Die Männer fassten bedingte Haftstrafen sowie Geldstrafen aus. Eine Beschuldigte wurde freigesprochen.

Die GAK-Fans waren am 4. November gerade mit einem Bus am Heimweg vom Besuch eines Auswärtsspiels in Bad Radkersburg. Sie kamen dabei an der Grazer Merkur-Arena vorbei. Die "Roten" sahen mehrere "Schwarze", stoppten den Bus und sprangen hinaus, um die Anhänger des Bundesligisten zu treten und zu schlagen. Danach flüchteten sie wieder in den Bus und machten sich davon.
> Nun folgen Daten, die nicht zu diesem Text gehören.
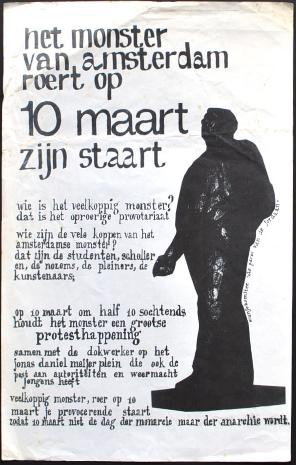Cartel de Provo convocando a un happening de protesta el 10 de marzo de 1966.

Nach mehreren Verhandlungstagen sind elf der zwölf Beschuldigten im Alter von 22 bis 41 Jahren am Montag - nicht rechtskräftig - verurteilt worden: Sie müssen Geldstrafen zahlen und fassten bedingt nachgesehene Freiheitsstrafen von fünf bis 16 Monaten aus.

Außerdem wurde für die Dauer einer Probezeit von drei Jahren ein Stadionverbot ausgesprochen und sie müssen jeweils Anti-Gewalt-Trainings absolvieren.

Wie der GAK am Montagabend mitteilte, waren unter den elf verurteilten Fußballfans in Graz auch zwei Anhänger des SK Sturm. Die Staatsanwaltschaft Graz bestätigt das auf Nachfrage der APA. Sie hatten nach der Attacke der "Roten" ebenfalls Schläge ausgeteilt und zwar mehr als für eine Notwehr nötig gewesen wären.